Tracie Holladay said...

OK, this might be quite obvious to most eyes, and maybe even not worth noting, but my inner sociology student is having a cow.

That image of Jesus feeding the baby pagans is rather racist, if you ask me. I mean, just look at it.

:sigh:

Tracie Holladay said...

Oh, and a quick PS before going to lunch: Calligraphy for the win! :)

Elizabeth Kaeton said...

I'm so sorry MamaTish. That's happened to me before as well.

Elizabeth Kaeton said...

Tracie - it's not just the image, it's the whole idea of Pagan Babies. It's all so horribly racist I don't know why Jesus didn't slap us with the obviousness of it before.

jennyk said...

Because I'm a singer, I know of a poem called "St. Ita's Vision" in which she holds and even nurses the Infant Jesus. This song in included in the set Hermit Songs by Samuel Barber. The texts are marginalia taken from medieval manuscripts.

I went to a public school but when I was in fifth grade the teacher got so tired of trying to read my messy writing that she once graded an essay: Content A, handwriting Z! I worked at cleaning it up after that, and now my cursive is very nice.

Tracie H said...

Oh and with regards to: "If there were a font on 'blogspot' in cursive, I would use it all the time, risking as I would, a certain percentage of younger readers."

I think there is now. Go into Design and try changing the text of your title, for example. If you scroll down in the text choices, you'll see Blogger has added SEVERAL fonts, including some script ones.

Elizabeth Kaeton said...

jennyk - Fascinating.

Elizabeth Kaeton said...

Tracie H - Well, I tried. I must have an out of date version of blogger.

Daisy said...

I so want to dig out my calligraphy pen and heavy paper and do something beautiful! Right after I do my email! Thanks Elizabeth, and all commentors, for the "push"!

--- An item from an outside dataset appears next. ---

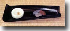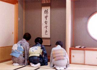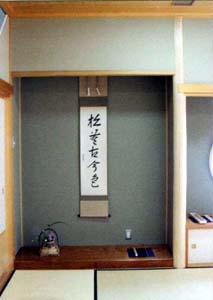 床の間にお軸を掛け、お茶杓を飾って呈茶。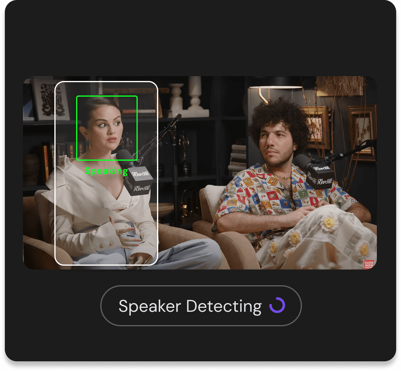 Our algorithm re-layout the extracted clips by leveraging advanced object detection and active speaker detection.

Elizabeth, I had heard that St. A's had been sold - also the Dominican monastery down the block. I can't remember street names anymore...too long ago and so much has been leveled in highway construction or the Newark riots of the 60's.

The "rescue" of "pagan babies" chills me now, but think back to those times. With the "rescue" hopefully the money went to feed families. Other things done by us colonizing folk were not so "benign". Wholesale murder comes to mind. It continues, along with the witness of people like Oscar Romero, Dorothy Stang, etc.

Caminante said...

Even as a child I thought our alphabet was clunky looking. As a left-handed kid being taught by right-handed teachers, it was worse because they told me the wrong way to hold the paper to get a proper slant on the writing. I was ecstatic to see European handwriting (that is cursive but straight up-and-down and to my eyes, more attractive) in 8th grade and promptly taught myself how to write that way. Of course lo these many years later, my hand writing is just a mess.